ExpansionHunter is a bioinformatics tool designed to detect and analyze repeat expansions in short tandem repeats (STRs) using short-read sequencing data. It identifies reads that span, flank, or are fully contained within each repeat in BAM/CRAM files and maps them to the reference genome to estimate the size of the repeat expansion at each locus. STR expansions are implicated in a variety of genetic disorders, including Huntington’s disease and several spinocerebellar ataxias. ExpansionHunter has demonstrated considerable sensitivity and specificity in detecting STR expansions from PCR-free whole-genome sequencing data.
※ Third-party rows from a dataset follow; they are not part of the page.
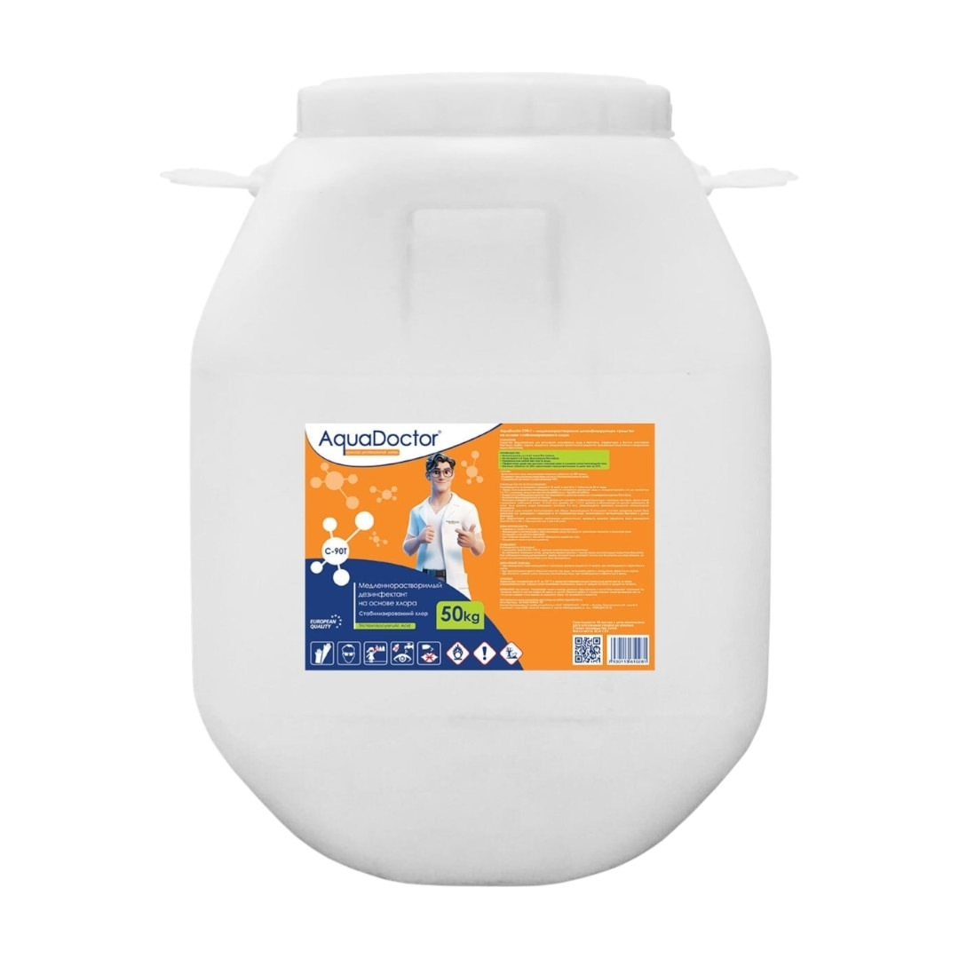 AquaDoctor C-90T - медленнорастворимый, сильнодействующий препарат для регулярного обеззараживания воды в бассейне. Эффективно и быстро уничтожает бактерии, грибки, вирусы, водоросли. Разрушает органические вещества, вызывающие помутнение и загрязнение воды в бассейнах.
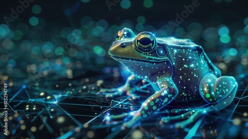 Wall mural big data visualization. a digital frog in flow information. information aesthetic design. generative
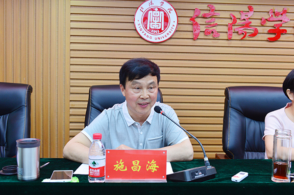 在贯彻落实全国全省高校思想政治工作会议精神大会上,施昌海安排部署了《信阳学院关于加强和改进新形势下思想政治工作的实施意见》。
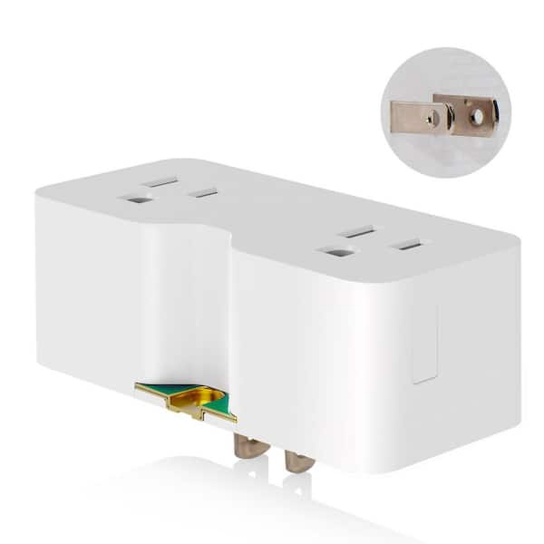 2 Prong to 3 Prong Grounding Adapter Plug, Outlet Extender with 2 AC Outlets (White, 1 Pack)

However, its application to whole-exome sequencing (WES) remains underexplored, even though numerous disease-associated STR loci are located within coding regions. Here, we present a real-world evaluation of ExpansionHunter’s performance for analyzing WES data over a one-year period in a commercial diagnostic center. This study provides insights into the practical utility of the tool in a clinical diagnostic setting.
Methods:
ExpansionHunter was applied to 4,658 WES samples. All participants provided informed consent for the use of their genetic data in research. Samples with detected STR expansions, based on reference values from the STRipy database, were included in the analysis. Visual inspection of all alignments was performed using REViewer, a specialized tool for examining read alignments in tandem repeat regions. Reports from physicians who ordered the WES were reviewed to correlate the identified STR genotypes with the clinical information provided.
Results:
Nineteen samples were identified with expanded alleles: 1 in ATN1, 1 in ATXN2, 2 in ATXN7, 1 in GLS, 13 in DMPK, and 1 in FMR1. Five samples (ATN1, FMR1, and 3 in DMPK) were excluded after visual inspection using REViewer due to likely false-positive results. Clinical data were analyzed for the remaining 14 samples. Of these, 8 (ATXN2, ATXN7, and 5 in DMPK) showed strong concordance between the identified genotype and clinical symptoms, with the ATXN2 expansion later confirmed by PCR. One case (GLS) also exhibited strong correlation, although the expansion was in a heterozygous state with no second variant identified. In the remaining 5 cases, limited or absent clinical data prevented adequate assessment of genotype-phenotype correlation.
Conclusion:
This study highlights the utility of ExpansionHunter for detecting STR expansions in WES data, emphasizing its potential in clinical diagnostic workflows. Of the 19 identified cases, 14 were supported after visual inspection, with 9 showing strong genotype-phenotype correlation, including cases linked to ATXN2, ATXN7, DMPK, and GLS. This represents an improved accuracy of approximately 0,2% in an unselected pool of WES samples. The exclusion of five likely false-positive results underscores the importance of integrating visual validation tools such as REViewer to ensure diagnostic accuracy. While ExpansionHunter proves to be a valuable tool for analyzing STR expansions, its application would benefit from further optimization to reduce false-positive rates in WES. This real-world evaluation supports the integration of STR expansion analysis into routine diagnostic pipelines for inherited disorders.